Inaugural Book Prize Winner Announced
Marianne Erhardt, winner of IHLR Book Prize
We are pleased to announce that Texas Tech Press has selected Marianne Erhardt’s collection of essays, Lucky Bodies, as this year’s winner. As the winner of our prize, Marianne will receive $1,000 honorarium, and her collection will be published by Texas Tech University Press sometime this summer. Marianne Jay Erhardt lives in Winston-Salem, North Carolina with her family. Her writing appears in Orion, Kenyon Review, Oxford American, Electric Literature, Conjunctions, and other fine publications. Her work has been recognized and supported by a North Carolina Arts Council Fellowship, a VanderMey Nonfiction Prize, and a residency at Vermont Studio Center. She holds an MFA in poetry from the University of Wisconsin-Madison and is an Assistant Teaching Professor in the Writing Program at Wake Forest University. Lucky Bodies is her first book.
About Marianne's book, Katie Cortese, the Director of TTU Press, writes: "I loved the language and the moving depictions of parenthood, which felt true and full of sentiment without resorting to truisms or sentimentality. I read this one early, but it stayed right at the top of my list nearly the whole way. I think it will be a great fit for the series."
We hope you enjoy Lucky Bodies as much as we did. We also want to acknowledge other works that stood out to us as we went through so many exceptional manuscripts. We could only publish one book this year, but here are our runners-up and finalists for the inaugural book prize. All the luck in the world to them in placing their collections soon.
Other ranking finalists include:
1st Runner-Up: Steve Chang’s The Shattered World and Other Kaleidoscopes (fiction)
2nd Runner-Up: Katherine Connor’s The Hanged Man (fiction)
3rd Runner-Up: Allison Field Bell’s Bodies of Other Women (nonfiction)
Thank you again to all who submitted to the prize.

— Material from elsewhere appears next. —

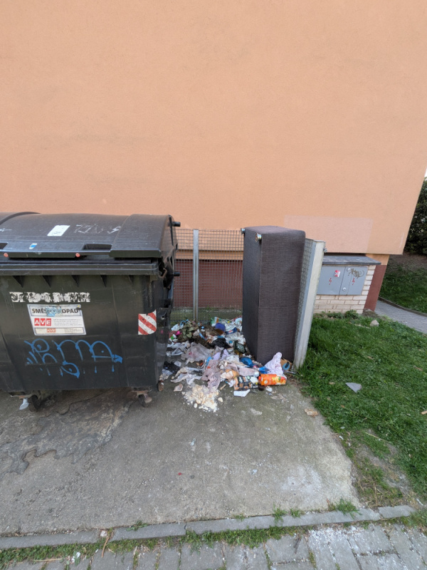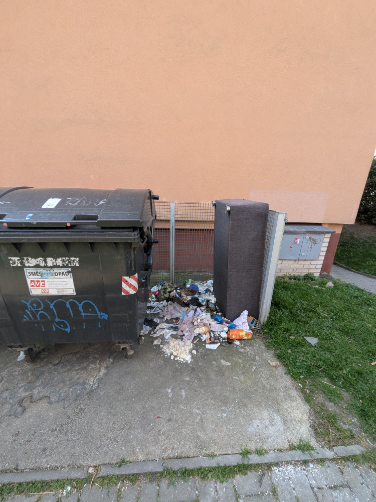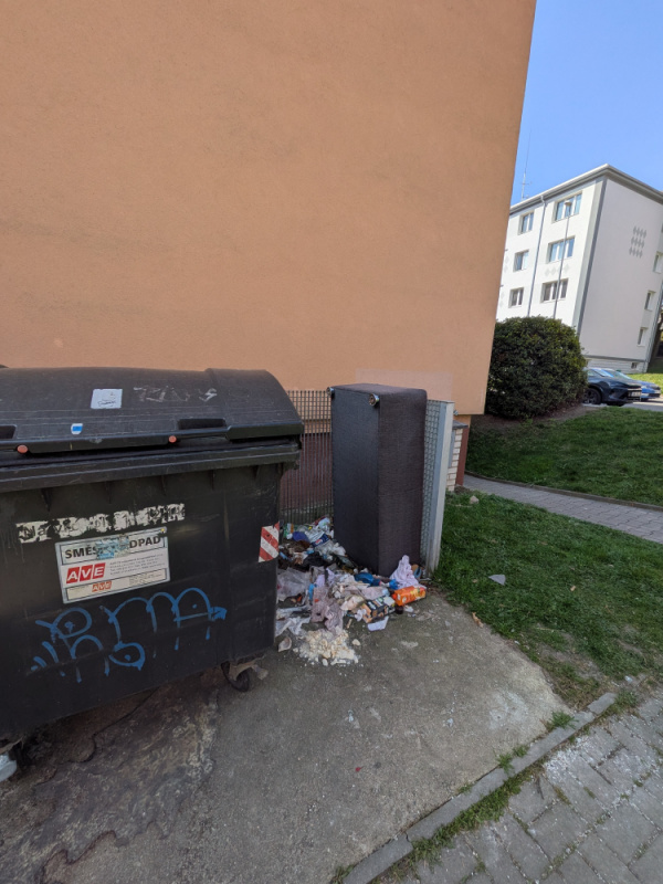nepořádek na zemi u kontejneru po bezdomovcích
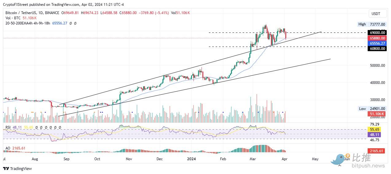 相反,如果 200 日均线保持支撑,比特币价格将反弹向上。突破 69,000 美元的支撑位将预示着更多的买单,从而增加了进一步上涨的可能性,第一个目标是收复 73,777 美元的峰值,然后才有机会在 74,000 美元区间上方创下新高。

Here are the blurbs for our previous two winners and a link to purchase them while we wait for Lucky Bodies to be released in late Fall 2024 or early Spring of 2025:
The Birthright of Sons is a collection of stories centered around the experiences of marginalized people, namely Black and LGBTQ+ men. Although the stories borrow elements from various genres (horror, suspense, romance, magical realism, etc.), they are linked by an exploration of identity and the ways personhood is shaped through interactions with the people, places, and belief systems around us. Purchase here.
Underpinning the project is a core tenet: self-definition is fluid, but conflict arises because society often fails to keep pace with personal evolution. In each of these stories, the protagonists grapple with their understanding of who they are, who and how they love, and what is ultimately most important to them. In almost every case, however, the quest to know or protect oneself is challenged by an external force, resulting in violence, crisis, or confusion, among other outcomes.
The Birthright of Sons colors in “the other” as three-dimensional by highlighting the unique obstacles that marginalized people face while simultaneously centering their humanity and unearthing universal struggles and commonalities. Be it experiencing a sexual awakening, contemplating the cumulative effects of racial tension in the workplace, or searching desperately for a moment of peace in the attention economy, the collection amplifies underrepresented voices in a playful and contemporary way, elevating, critiquing, and confronting its characters.
The sixteen stories in the collection Sing With Me at the Edge of Paradise surround queer men of various ages—teenagers, young adults, men in middle age—trying to temper their expectations of the world with their lived experience. Using the lens of the bizarre and fantastic, these stories explore discontent, discomfort, and discovery. Purchase here.
In “Melt With You,” a twenty-something learns that his boyfriend can slip into walls, a trick that becomes a sticking point during tumultuous, challenging moments in their relationship; the main character in “Shearing” is a barber who can read the minds of his clients but must sacrifice his own bits of memory to do so; “There Won’t Be Questions” features a young man who can summon lost animals to a shoebox, but suffers for it, both via physical illness and the crumbling of his relationship with his closest friend.
In the title story, the Garden of Eden starts to appear in various places around the world, and the narrator, looking down at the Trees of Life and Knowledge, must make an impossible decision regarding the most important relationship he’s ever had.